Deep earthquakes occur in complex fault zones more than 70 kilometers below Earth's surface. Although they do not pose much of a hazard, they can still provide valuable insight into how earthquakes rupture. Zhan et al. found that a magnitude 6.7 aftershock of the largest deep earthquake recorded to date—the 2013 magnitude 8.3 Sea of Okhotsk earthquake—ruptured faster than the velocity of its seismic waves. This so-called “supershear” rupture shows that deep earthquakes have diverse rupture mechanisms and have several routes to dissipate energy.

Science, this issue p. 204


Earthquake rupture speeds exceeding the shear-wave velocity have been reported for several shallow strike-slip events. Whether supershear rupture also can occur in deep earthquakes is unclear, because of their enigmatic faulting mechanism. Using empirical Green's functions in both regional and teleseismic waveforms, we observed supershear rupture during the 2013 moment magnitude (Mw) 6.7 deep earthquake beneath the Sea of Okhotsk, an aftershock of the large deep earthquake (Mw 8.3).
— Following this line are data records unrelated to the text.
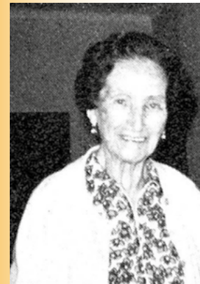
Rusca, Polia (Cholmetz 1884 - Locarno 1975)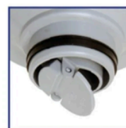
Empaque de Ajuste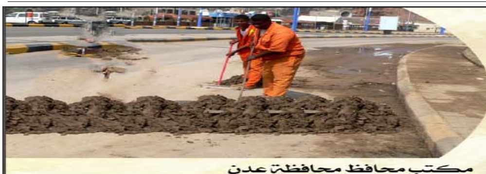
مكتب محافظ محافظة عدن

The Mw 6.7 event ruptured downward along a steeply dipping fault plane at an average speed of 8 kilometers per second, suggesting efficient seismic energy generation. Comparing it to the highly dissipative 1994 Mw 8.3 Bolivia earthquake, the two events represent end members of deep earthquakes in terms of energy partitioning and imply that there is more than one rupture mechanism for deep earthquakes.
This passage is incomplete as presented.